• Task objective
The copy must match the data below line for line and contain no images.

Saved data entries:
::::::::::
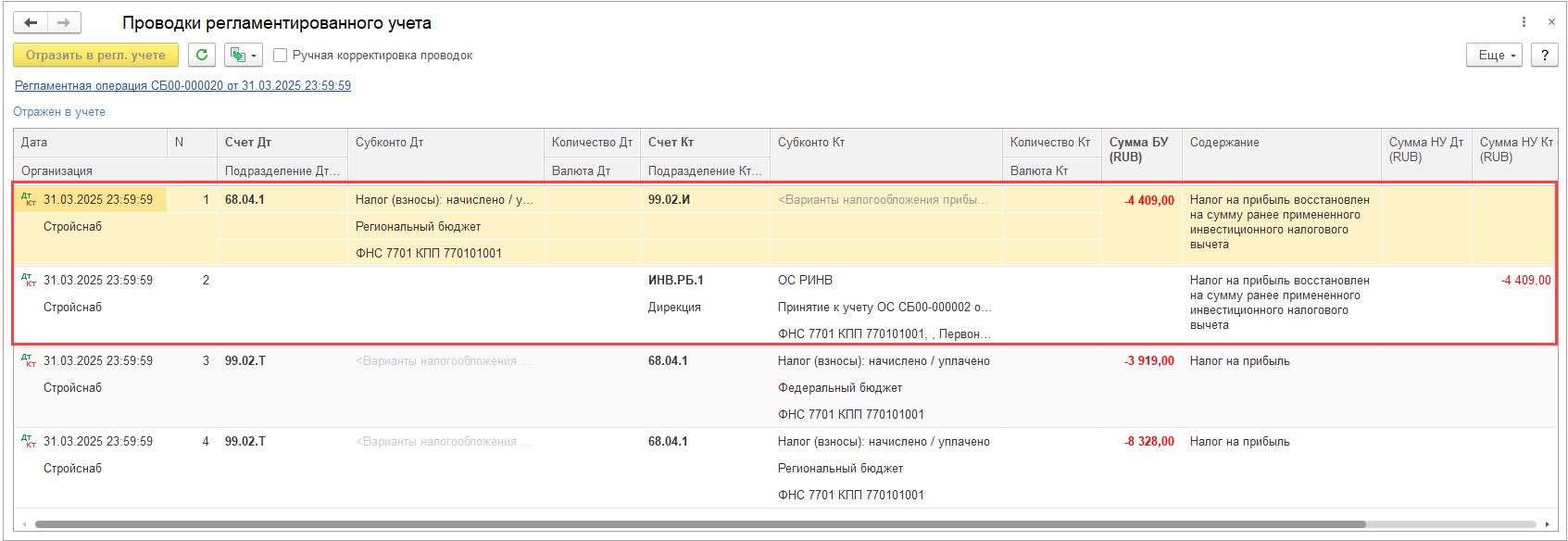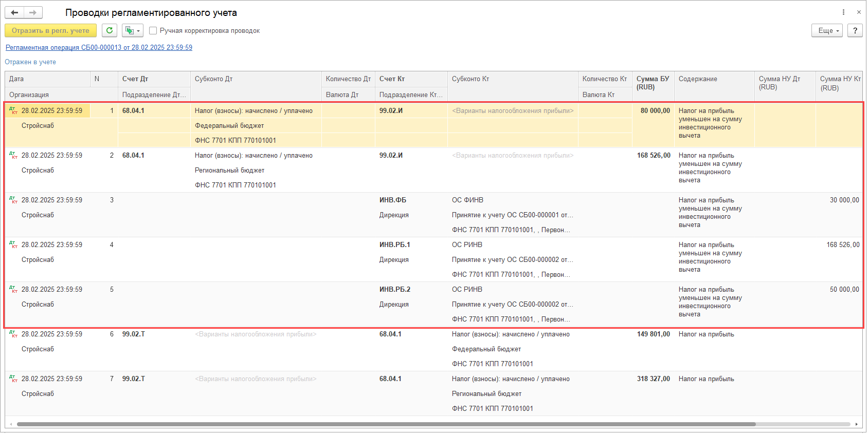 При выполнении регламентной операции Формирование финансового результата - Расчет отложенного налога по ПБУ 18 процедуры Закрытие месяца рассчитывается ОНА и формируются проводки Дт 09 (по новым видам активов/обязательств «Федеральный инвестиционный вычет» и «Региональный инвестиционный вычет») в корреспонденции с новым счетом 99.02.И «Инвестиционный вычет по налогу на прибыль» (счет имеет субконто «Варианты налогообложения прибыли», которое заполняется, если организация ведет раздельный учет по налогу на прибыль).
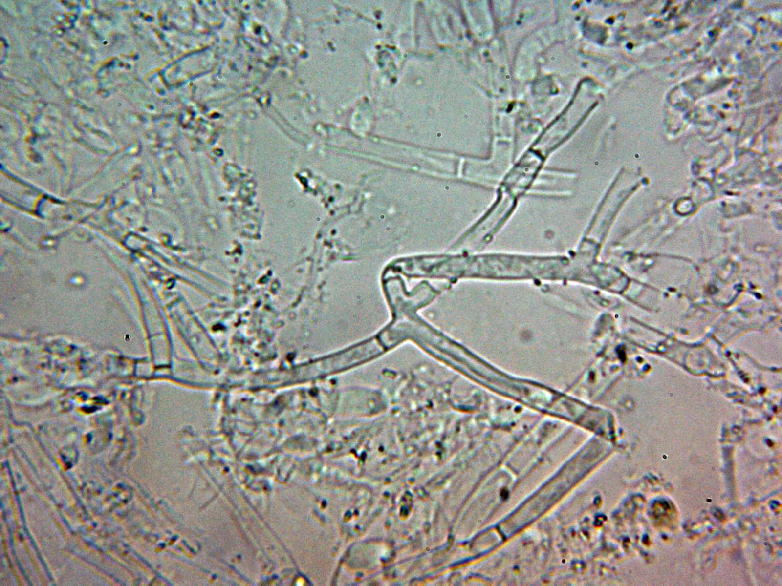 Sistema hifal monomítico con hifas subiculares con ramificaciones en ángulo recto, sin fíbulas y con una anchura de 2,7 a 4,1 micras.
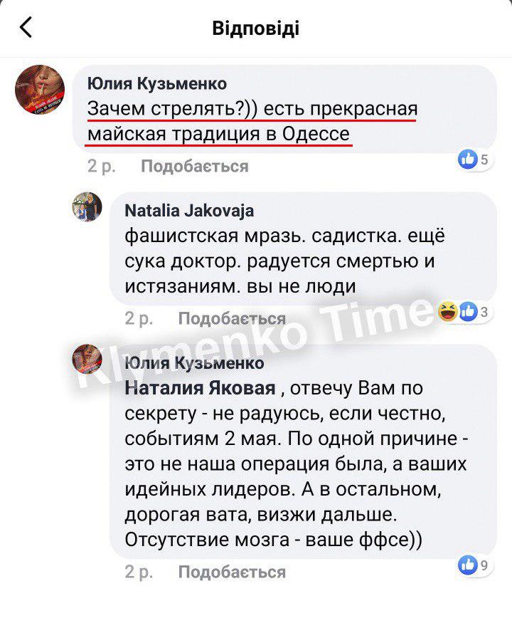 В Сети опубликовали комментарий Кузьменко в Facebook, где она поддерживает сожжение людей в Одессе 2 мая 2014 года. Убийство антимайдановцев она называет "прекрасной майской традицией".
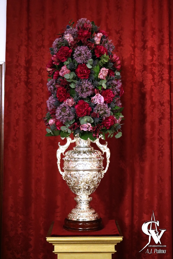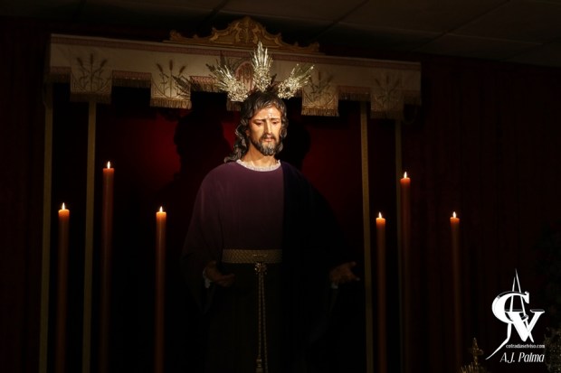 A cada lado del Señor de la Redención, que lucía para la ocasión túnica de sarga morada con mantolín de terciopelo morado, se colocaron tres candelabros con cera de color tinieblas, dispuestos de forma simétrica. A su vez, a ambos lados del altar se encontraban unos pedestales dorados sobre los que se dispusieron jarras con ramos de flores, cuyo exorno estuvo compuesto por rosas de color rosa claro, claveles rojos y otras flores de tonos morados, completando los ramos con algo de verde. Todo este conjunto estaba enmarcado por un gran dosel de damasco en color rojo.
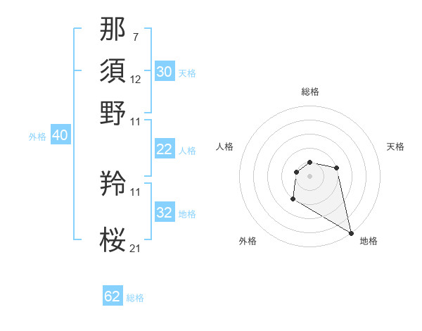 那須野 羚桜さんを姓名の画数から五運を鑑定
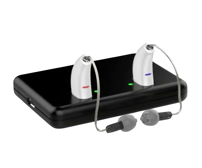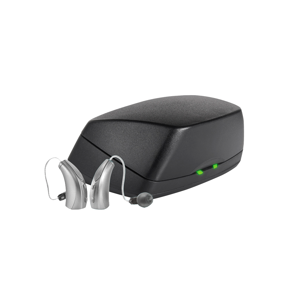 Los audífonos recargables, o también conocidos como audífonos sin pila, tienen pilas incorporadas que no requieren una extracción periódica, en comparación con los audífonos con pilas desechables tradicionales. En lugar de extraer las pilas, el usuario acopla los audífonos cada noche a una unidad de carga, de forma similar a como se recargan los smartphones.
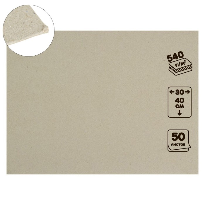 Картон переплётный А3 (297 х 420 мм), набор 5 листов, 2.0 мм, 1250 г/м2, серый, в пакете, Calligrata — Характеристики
::::::::::
• Result
 При выполнении регламентной операции Формирование финансового результата - Расчет отложенного налога по ПБУ 18 процедуры Закрытие месяца рассчитывается ОНА и формируются проводки Дт 09 (по новым видам активов/обязательств «Федеральный инвестиционный вычет» и «Региональный инвестиционный вычет») в корреспонденции с новым счетом 99.02.И «Инвестиционный вычет по налогу на прибыль» (счет имеет субконто «Варианты налогообложения прибыли», которое заполняется, если организация ведет раздельный учет по налогу на прибыль).
 Sistema hifal monomítico con hifas subiculares con ramificaciones en ángulo recto, sin fíbulas y con una anchura de 2,7 a 4,1 micras.
 В Сети опубликовали комментарий Кузьменко в Facebook, где она поддерживает сожжение людей в Одессе 2 мая 2014 года. Убийство антимайдановцев она называет "прекрасной майской традицией".
 A cada lado del Señor de la Redención, que lucía para la ocasión túnica de sarga morada con mantolín de terciopelo morado, se colocaron tres candelabros con cera de color tinieblas, dispuestos de forma simétrica. A su vez, a ambos lados del altar se encontraban unos pedestales dorados sobre los que se dispusieron jarras con ramos de flores, cuyo exorno estuvo compuesto por rosas de color rosa claro, claveles rojos y otras flores de tonos morados, completando los ramos con algo de verde. Todo este conjunto estaba enmarcado por un gran dosel de damasco en color rojo.
 那須野 羚桜さんを姓名の画数から五運を鑑定
 Los audífonos recargables, o también conocidos como audífonos sin pila, tienen pilas incorporadas que no requieren una extracción periódica, en comparación con los audífonos con pilas desechables tradicionales. En lugar de extraer las pilas, el usuario acopla los audífonos cada noche a una unidad de carga, de forma similar a como se recargan los smartphones.
 Картон переплётный А3 (297 х 420 мм), набор 5 листов, 2.0 мм, 1250 г/м2, серый, в пакете, Calligrata — Характеристики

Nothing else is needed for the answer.